┌─ Input data
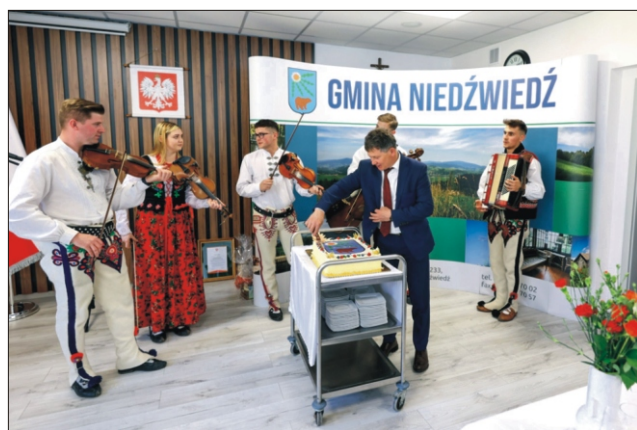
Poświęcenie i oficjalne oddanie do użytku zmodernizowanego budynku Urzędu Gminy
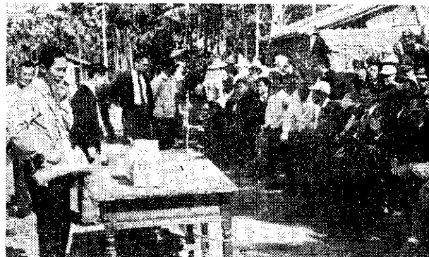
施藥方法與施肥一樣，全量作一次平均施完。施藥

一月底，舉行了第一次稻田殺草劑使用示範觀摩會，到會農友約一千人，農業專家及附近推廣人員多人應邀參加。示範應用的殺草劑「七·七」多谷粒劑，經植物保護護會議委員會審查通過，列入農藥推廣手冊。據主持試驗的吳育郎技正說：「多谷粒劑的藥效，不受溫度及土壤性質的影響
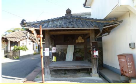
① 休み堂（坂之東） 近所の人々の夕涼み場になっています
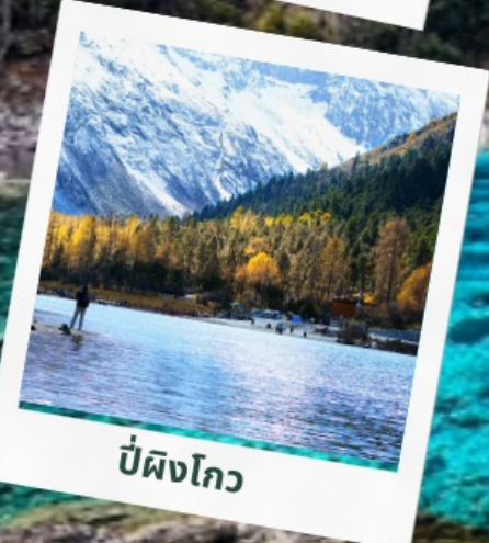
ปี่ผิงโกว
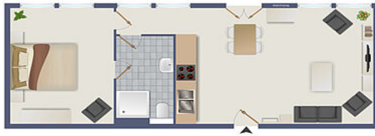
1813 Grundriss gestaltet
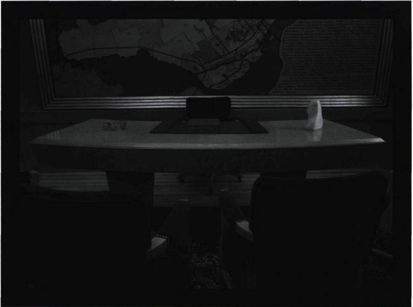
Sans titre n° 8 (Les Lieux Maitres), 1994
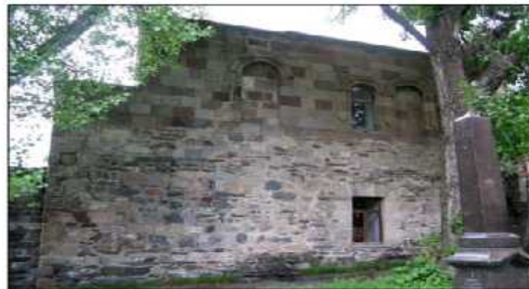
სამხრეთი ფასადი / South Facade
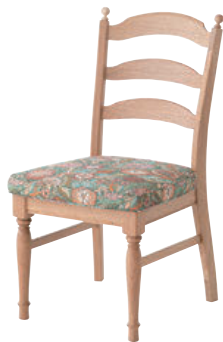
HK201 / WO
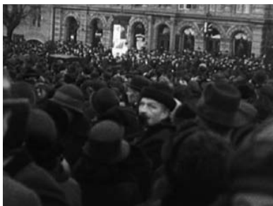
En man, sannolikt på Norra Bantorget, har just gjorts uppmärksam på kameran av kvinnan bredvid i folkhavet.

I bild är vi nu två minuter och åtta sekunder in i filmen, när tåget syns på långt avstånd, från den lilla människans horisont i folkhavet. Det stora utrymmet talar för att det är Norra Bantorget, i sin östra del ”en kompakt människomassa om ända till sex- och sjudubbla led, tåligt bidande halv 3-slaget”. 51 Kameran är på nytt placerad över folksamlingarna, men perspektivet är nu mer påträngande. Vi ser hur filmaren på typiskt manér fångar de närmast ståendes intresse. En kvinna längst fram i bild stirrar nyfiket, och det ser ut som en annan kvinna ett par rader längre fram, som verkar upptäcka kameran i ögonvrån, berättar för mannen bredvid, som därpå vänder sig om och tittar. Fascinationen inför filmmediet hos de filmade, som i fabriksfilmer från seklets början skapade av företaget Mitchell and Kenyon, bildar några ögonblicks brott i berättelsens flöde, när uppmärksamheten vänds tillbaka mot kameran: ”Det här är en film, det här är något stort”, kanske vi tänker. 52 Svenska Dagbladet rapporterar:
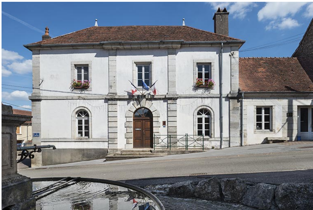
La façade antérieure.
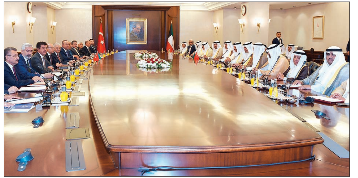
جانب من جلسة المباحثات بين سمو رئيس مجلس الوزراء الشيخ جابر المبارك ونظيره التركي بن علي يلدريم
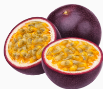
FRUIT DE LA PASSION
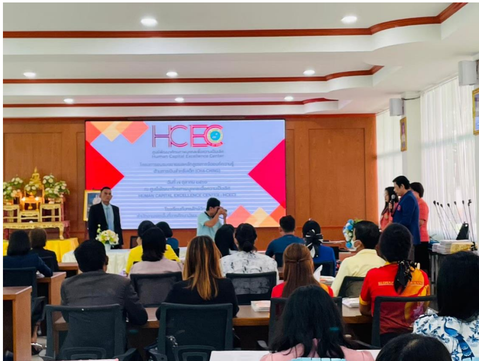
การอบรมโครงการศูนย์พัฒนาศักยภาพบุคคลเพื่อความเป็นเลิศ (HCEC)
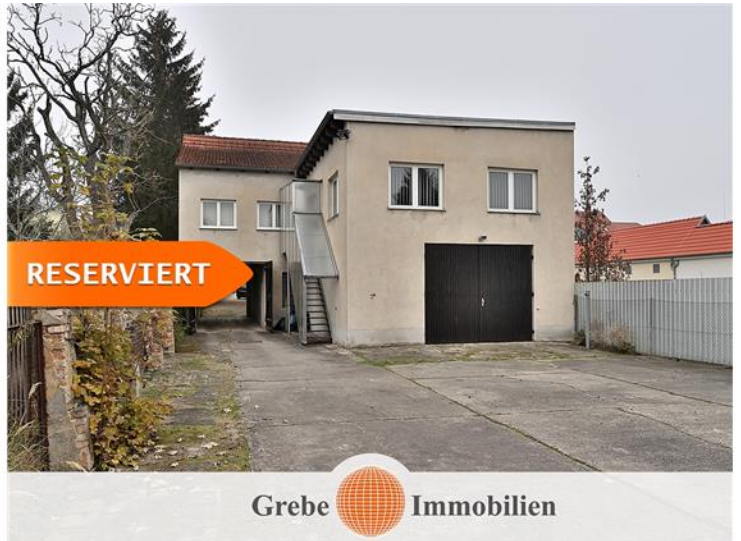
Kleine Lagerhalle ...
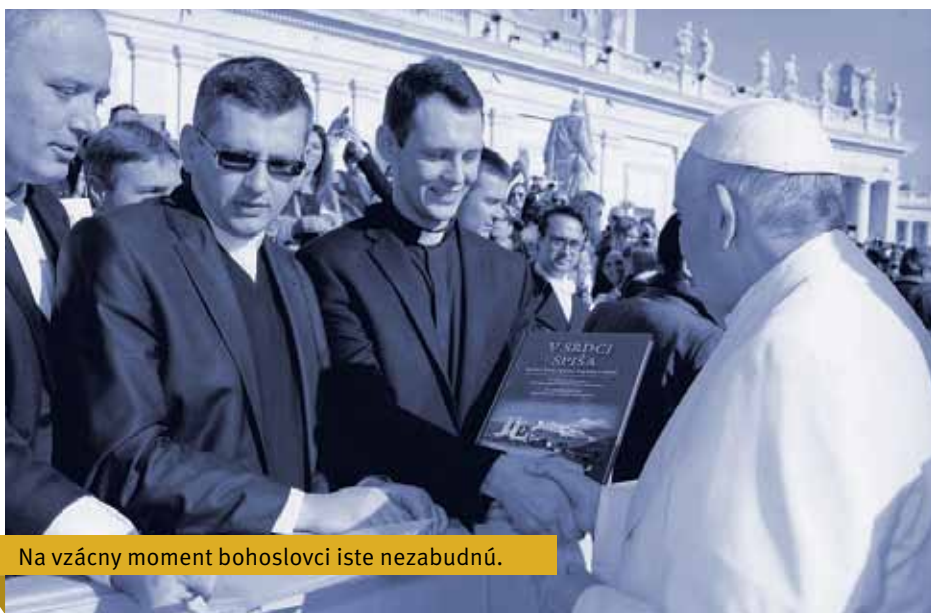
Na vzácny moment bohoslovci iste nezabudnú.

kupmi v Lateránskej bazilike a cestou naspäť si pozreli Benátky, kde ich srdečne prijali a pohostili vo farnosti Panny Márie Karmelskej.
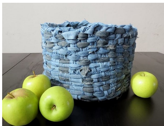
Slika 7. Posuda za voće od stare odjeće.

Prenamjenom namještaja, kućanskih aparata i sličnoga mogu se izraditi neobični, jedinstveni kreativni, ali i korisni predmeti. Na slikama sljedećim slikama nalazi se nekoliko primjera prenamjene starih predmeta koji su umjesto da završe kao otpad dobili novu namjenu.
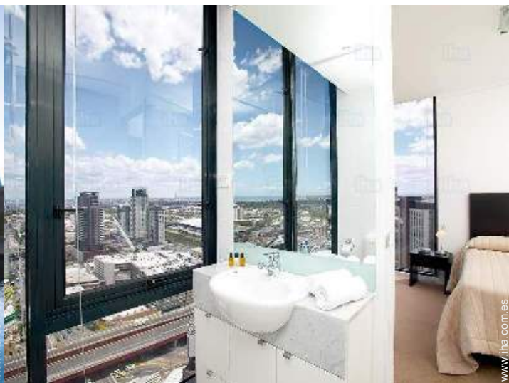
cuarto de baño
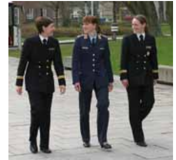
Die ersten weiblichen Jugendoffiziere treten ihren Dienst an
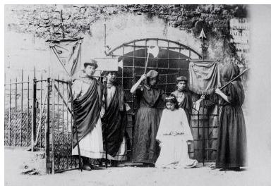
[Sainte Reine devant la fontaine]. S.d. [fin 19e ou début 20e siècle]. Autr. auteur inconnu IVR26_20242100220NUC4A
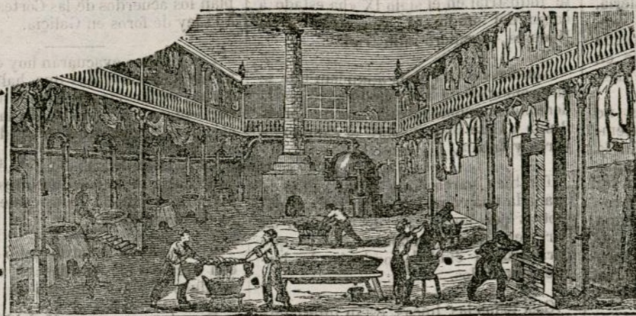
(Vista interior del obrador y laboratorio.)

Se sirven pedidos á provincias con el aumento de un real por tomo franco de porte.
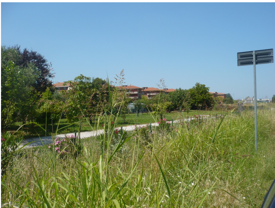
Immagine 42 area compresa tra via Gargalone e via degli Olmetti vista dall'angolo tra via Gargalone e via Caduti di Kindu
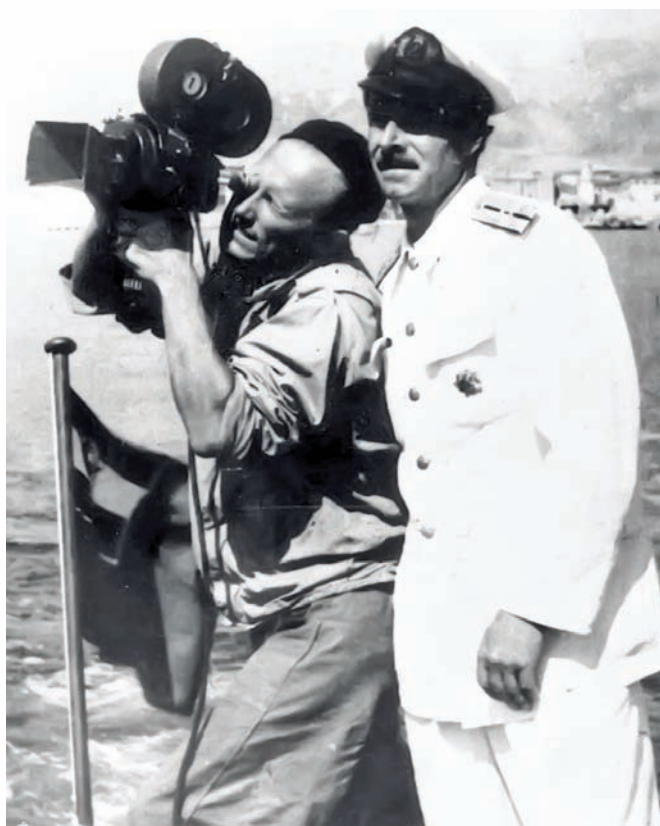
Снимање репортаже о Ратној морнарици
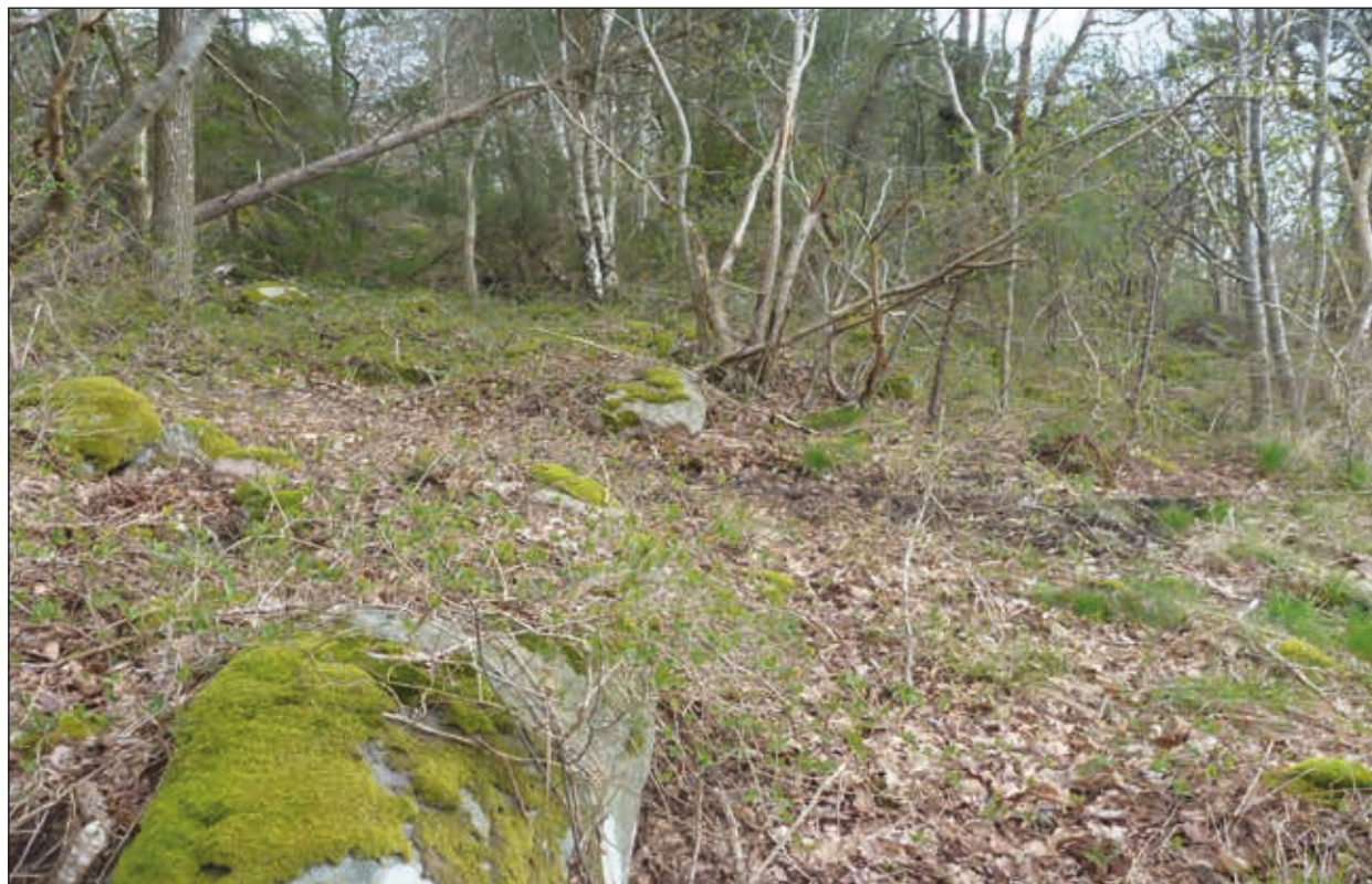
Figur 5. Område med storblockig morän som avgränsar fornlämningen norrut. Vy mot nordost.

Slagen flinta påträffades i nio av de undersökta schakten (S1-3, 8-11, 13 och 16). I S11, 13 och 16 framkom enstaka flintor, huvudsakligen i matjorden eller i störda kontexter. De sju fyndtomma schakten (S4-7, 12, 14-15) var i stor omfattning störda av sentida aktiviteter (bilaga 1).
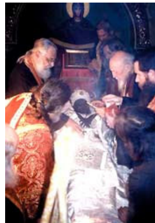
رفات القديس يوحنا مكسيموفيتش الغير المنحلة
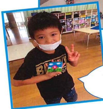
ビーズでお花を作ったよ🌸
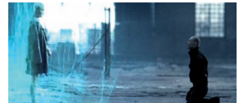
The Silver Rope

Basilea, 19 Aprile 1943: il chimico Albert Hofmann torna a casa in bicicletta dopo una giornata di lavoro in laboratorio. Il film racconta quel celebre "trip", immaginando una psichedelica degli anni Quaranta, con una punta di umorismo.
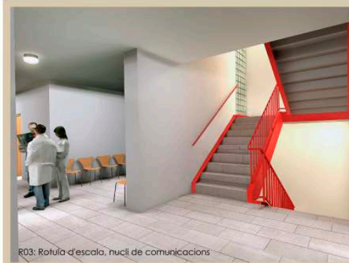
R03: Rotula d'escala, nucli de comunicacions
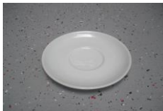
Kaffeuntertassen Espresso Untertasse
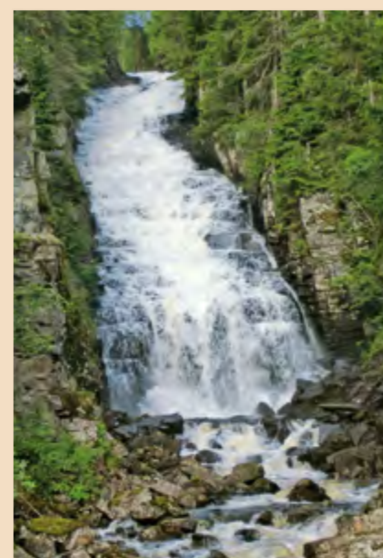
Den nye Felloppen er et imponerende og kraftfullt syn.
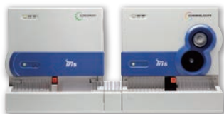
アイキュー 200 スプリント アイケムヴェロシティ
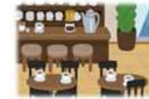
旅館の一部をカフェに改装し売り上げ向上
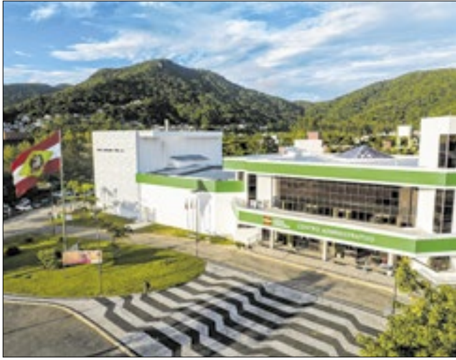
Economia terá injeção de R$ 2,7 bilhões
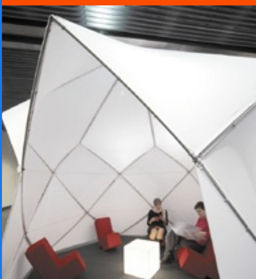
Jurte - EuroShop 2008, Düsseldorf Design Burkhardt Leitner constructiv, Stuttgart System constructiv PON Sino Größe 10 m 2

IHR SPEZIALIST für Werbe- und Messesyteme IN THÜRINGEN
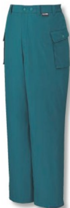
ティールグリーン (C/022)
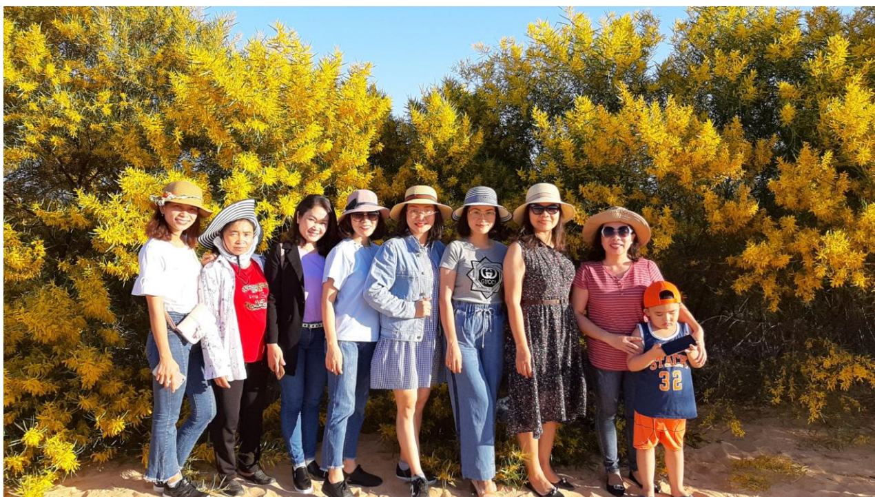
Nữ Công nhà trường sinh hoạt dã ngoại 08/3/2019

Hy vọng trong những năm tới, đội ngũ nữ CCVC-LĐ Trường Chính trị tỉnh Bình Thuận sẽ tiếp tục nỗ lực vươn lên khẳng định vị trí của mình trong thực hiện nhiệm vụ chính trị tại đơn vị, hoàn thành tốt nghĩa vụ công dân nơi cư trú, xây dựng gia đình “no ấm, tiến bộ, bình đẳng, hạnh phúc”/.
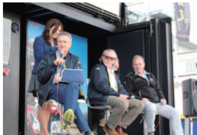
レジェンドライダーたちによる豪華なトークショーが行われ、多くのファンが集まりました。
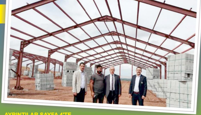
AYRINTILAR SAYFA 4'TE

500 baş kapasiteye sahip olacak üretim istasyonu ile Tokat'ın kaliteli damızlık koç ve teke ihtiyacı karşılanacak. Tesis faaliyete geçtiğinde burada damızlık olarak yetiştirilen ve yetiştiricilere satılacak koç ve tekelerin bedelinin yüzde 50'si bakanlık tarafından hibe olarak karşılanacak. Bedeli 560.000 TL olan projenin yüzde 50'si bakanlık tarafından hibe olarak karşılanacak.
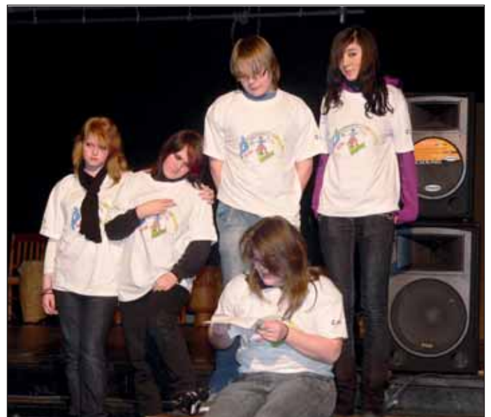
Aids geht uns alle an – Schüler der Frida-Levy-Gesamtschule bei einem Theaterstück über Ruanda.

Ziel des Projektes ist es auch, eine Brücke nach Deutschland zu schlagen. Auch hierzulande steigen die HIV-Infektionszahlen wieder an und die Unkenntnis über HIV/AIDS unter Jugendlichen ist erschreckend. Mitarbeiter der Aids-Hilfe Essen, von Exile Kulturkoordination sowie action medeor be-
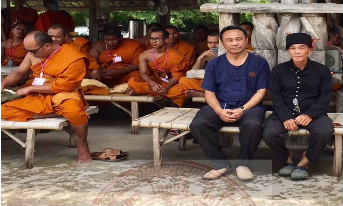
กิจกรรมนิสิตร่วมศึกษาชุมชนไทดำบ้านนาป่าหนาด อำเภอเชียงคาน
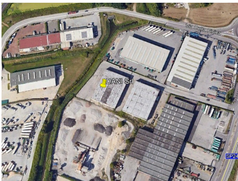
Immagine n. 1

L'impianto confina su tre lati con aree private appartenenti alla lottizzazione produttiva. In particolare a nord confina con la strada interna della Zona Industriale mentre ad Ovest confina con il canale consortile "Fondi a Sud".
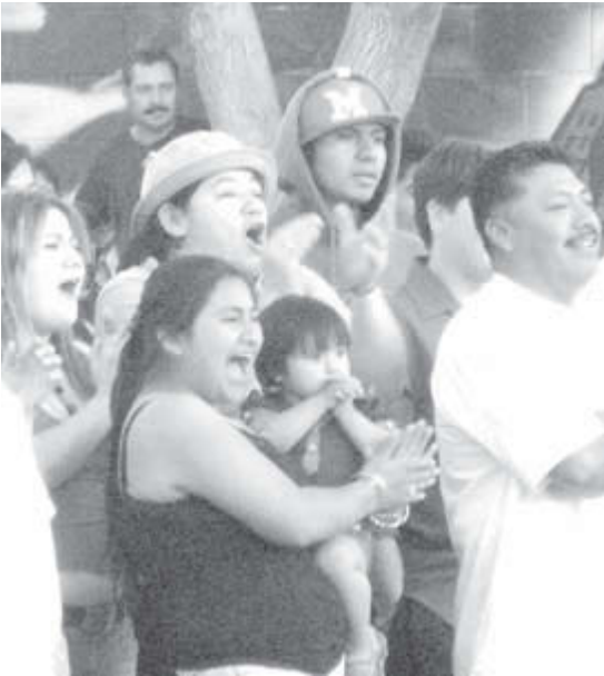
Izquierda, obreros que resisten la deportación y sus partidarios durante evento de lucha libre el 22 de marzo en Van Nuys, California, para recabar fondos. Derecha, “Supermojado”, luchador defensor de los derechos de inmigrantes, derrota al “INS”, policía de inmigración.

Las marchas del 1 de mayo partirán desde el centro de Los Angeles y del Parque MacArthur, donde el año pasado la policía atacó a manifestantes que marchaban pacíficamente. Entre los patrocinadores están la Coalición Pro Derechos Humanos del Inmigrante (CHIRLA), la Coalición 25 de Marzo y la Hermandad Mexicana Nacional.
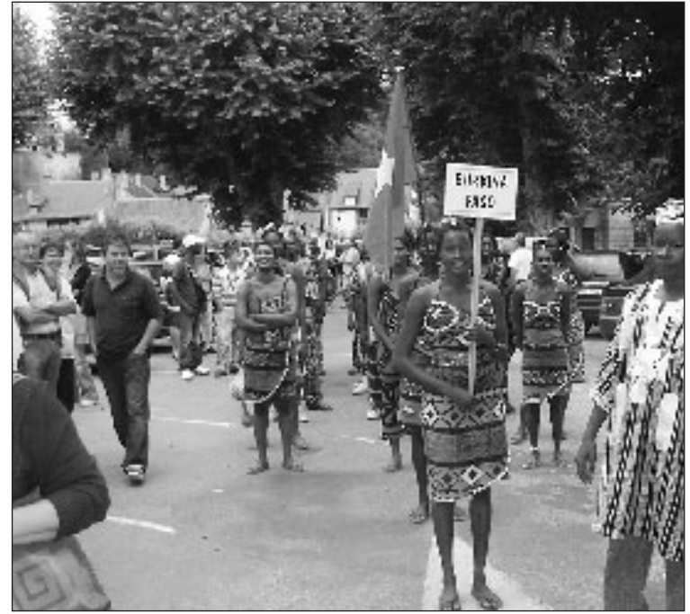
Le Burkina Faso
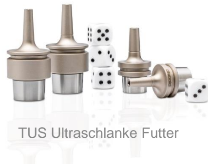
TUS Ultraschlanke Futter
└─
:: Requirement ::
Track down all lines above with the string "Immagine" and copy them.

:: Solution for this exercise ::
Immagine 42 area compresa tra via Gargalone e via degli Olmetti vista dall'angolo tra via Gargalone e via Caduti di Kindu
Immagine n. 1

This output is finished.